• ABOUT THIS EXERCISE
Copy each line of the data below exactly, leaving out pictures.

• DATASET EXTRACT

....................

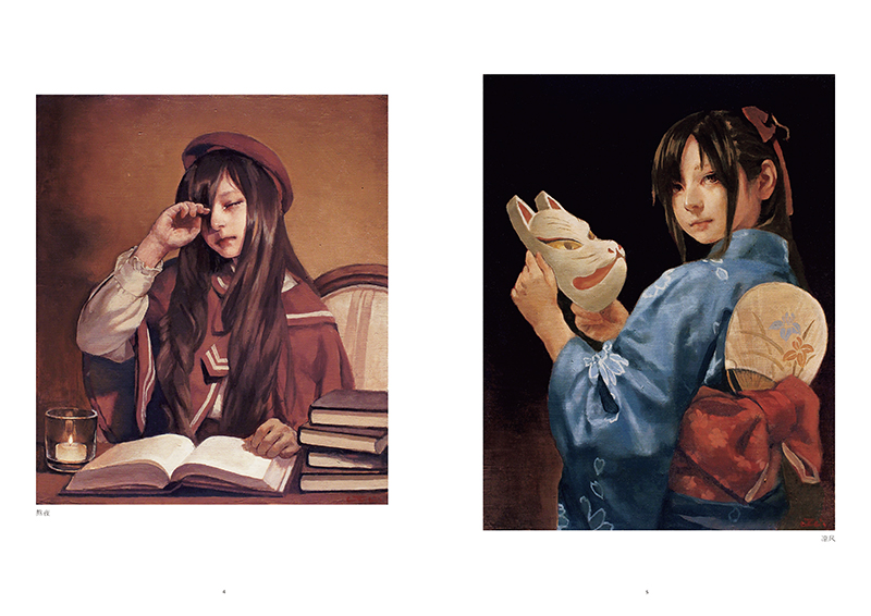 本书是日本著名美术团体“白日会”当红画家今井乔裕近10年来的第1本画集。今井乔裕的作品,乍一看以为是电脑板绘,其实是真正的纯手绘油画。他的作品,大多以少女为主,女仆装手持一些道具,犹豫的眼神,很像电脑插画。其实,他的这种风格还是属于人物写实的。这样的画作看似简单,但整体色彩关系的掌控,光影虚实都须很深的功底。
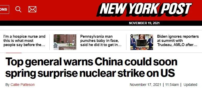 報道還説,與以可預測的弧線飛行並可被遠程雷達跟蹤的洲際彈道導彈不同,高超音速武器在飛行時離地面更近,使雷達更難探測。結合“中國正在建造的數百個新導彈發射井”,海滕告訴美國媒體,他認為中國人正在準備對美國發動出人意料的核攻擊。
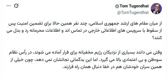 تام توگنهات، نماینده حزب محافظهکار در پارلمان و معاون وزیر کشور دولت پیشین بریتانیا شامگاه شنبه با انتشار پیامی به زبان فارسی در شبکه اجتماعی ایکس نوشت: «از میان مقامات ارشد جمهوری اسلامی، چند نفر همین حالا برای تضمین امنیت پس از سقوط با سرویسهای اطلاعاتی خارجی در تماساند و اطلاعات محرمانه ردوبدل میکنند؟»

....................

• WRITTEN SOLUTION
 本书是日本著名美术团体“白日会”当红画家今井乔裕近10年来的第1本画集。今井乔裕的作品,乍一看以为是电脑板绘,其实是真正的纯手绘油画。他的作品,大多以少女为主,女仆装手持一些道具,犹豫的眼神,很像电脑插画。其实,他的这种风格还是属于人物写实的。这样的画作看似简单,但整体色彩关系的掌控,光影虚实都须很深的功底。
 報道還説,與以可預測的弧線飛行並可被遠程雷達跟蹤的洲際彈道導彈不同,高超音速武器在飛行時離地面更近,使雷達更難探測。結合“中國正在建造的數百個新導彈發射井”,海滕告訴美國媒體,他認為中國人正在準備對美國發動出人意料的核攻擊。
 تام توگنهات، نماینده حزب محافظهکار در پارلمان و معاون وزیر کشور دولت پیشین بریتانیا شامگاه شنبه با انتشار پیامی به زبان فارسی در شبکه اجتماعی ایکس نوشت: «از میان مقامات ارشد جمهوری اسلامی، چند نفر همین حالا برای تضمین امنیت پس از سقوط با سرویسهای اطلاعاتی خارجی در تماساند و اطلاعات محرمانه ردوبدل میکنند؟»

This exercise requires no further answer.